The Lester B. Pearson School Board never commissioned an independent audit of its international department, even though its own audit committee recommended it nearly one a year ago, months before the board reached out to UPAC.

Committee called for independent audit months before board reached out to UPAC, ministry

Lester B. Pearson School Board head Suanne Stein Day says the external audit was never actually performed. She said the board was doing its own internal investigation into the international department at the time. (CBC)

The Lester B. Pearson School Board never commissioned an independent audit of its international department, even though its own audit committee recommended it nearly one a year ago, CBC News has learned through emails obtained through access to information.

Education Minister Sébastien Proulx announced last month that he was appointing auditor Michelle Lapointe to investigate both the LBPSB and the English Montreal School Board. UPAC is also investigating both boards.

​​But emails from November 2015 show that members of the board's audit committee were already struggling to get a clear picture of the department's financial situation ahead of a Dec. 7 meeting.

"I am eventually looking for a concise accounting of this program. Do you think this goal is possible?" wrote one committee member, whose name is redacted.

In another email, an unnamed committee member notes that "revenues for the international program are not completely separate from LBPSB accounting" and requests a separate accounting of the department.

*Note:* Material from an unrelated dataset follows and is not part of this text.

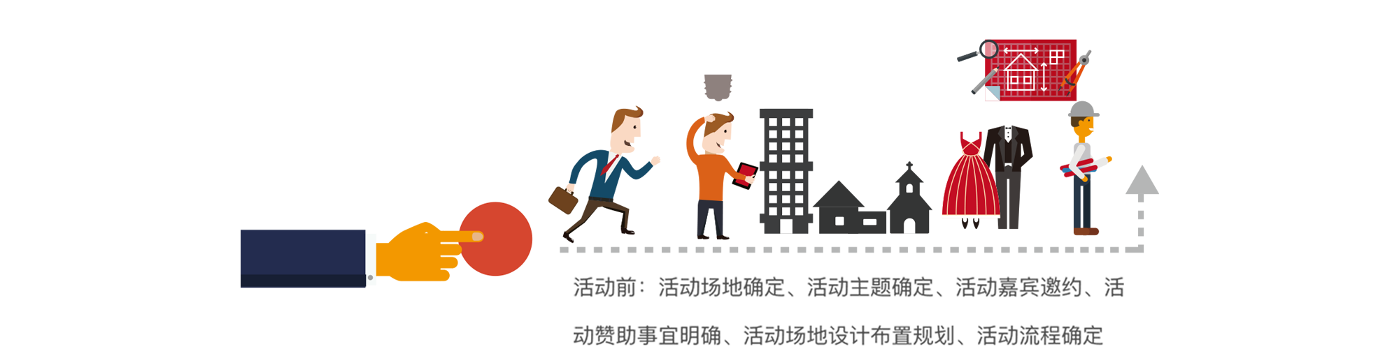 活動(dòng)前:活動(dòng)場(chǎng)地確定、活動(dòng)主題確定、活動(dòng)嘉賓邀約、活

The Lester B Pearson board said it reached out to UPAC about three months after it started investigating alleged "irregularities" in its international department, but did not commission an external audit. (Neil Herland/CBC)
The committee unanimously voted for an independent audit at a special meeting held two weeks later, on Dec. 21, and resolved that the results should be "communicated as soon as possible to the council of commissioners."

But this external audit was never actually performed, according to board chair Suanne Stein Day.

She said the board was doing its own internal investigations into "irregularities" in the international department at the time.

Three months later, the board reached out to UPAC and the ministry with its concerns about the department.

"Given the ongoing investigations, we didn't want to initiate another audit at that time without checking with the ministry," she said. "We're now at the time...when an audit will be performed."

Calls for audit follow ethics complaint

The decision to officially call for an audit of the international department came just three hours after school board commissioners met to discuss a scathing letter from the head of the department demanding Stein Day's resignation.

That letter, amongst others, sparked an ethics investigation that found Stein Day had violated the ethics code, though the chair said the ethics commissioner did not retain the most serious allegations against her.

The letter, dated Dec. 13, 2015 and written by Carol Mastantuono, then director of the international department, alleged Stein Day had made "slanderous accusations" including "criminal allegations in terms of misappropriation of funds and embezzlement" and allegations of a "fraud ring."

"These remarks have deeply offended me on a personal and professional level," Mastantuono wrote.

Notes from the commissioners' 7 p.m. meeting on Dec. 21, 2015 show the board, after reviewing the letter of complaint, recommended both an ethics review of the letter and "a full and extensive audit" of the International department.

At about 10 p.m., the audit committee voted unanimously in favour of an external audit.

Mastantuono was subsequently dismissed in September 2016. She has filed a complaint with the Quebec Labour Relations Board for wrongful dismissal and is awaiting a date for an administrative tribunal hearing. In a prior interview with CBC, Mastantuono denied any wrongdoing.

The board maintains her dismissal was not in response to her letter of complaint, but in connection with an investigation into "irregularities" in the international department.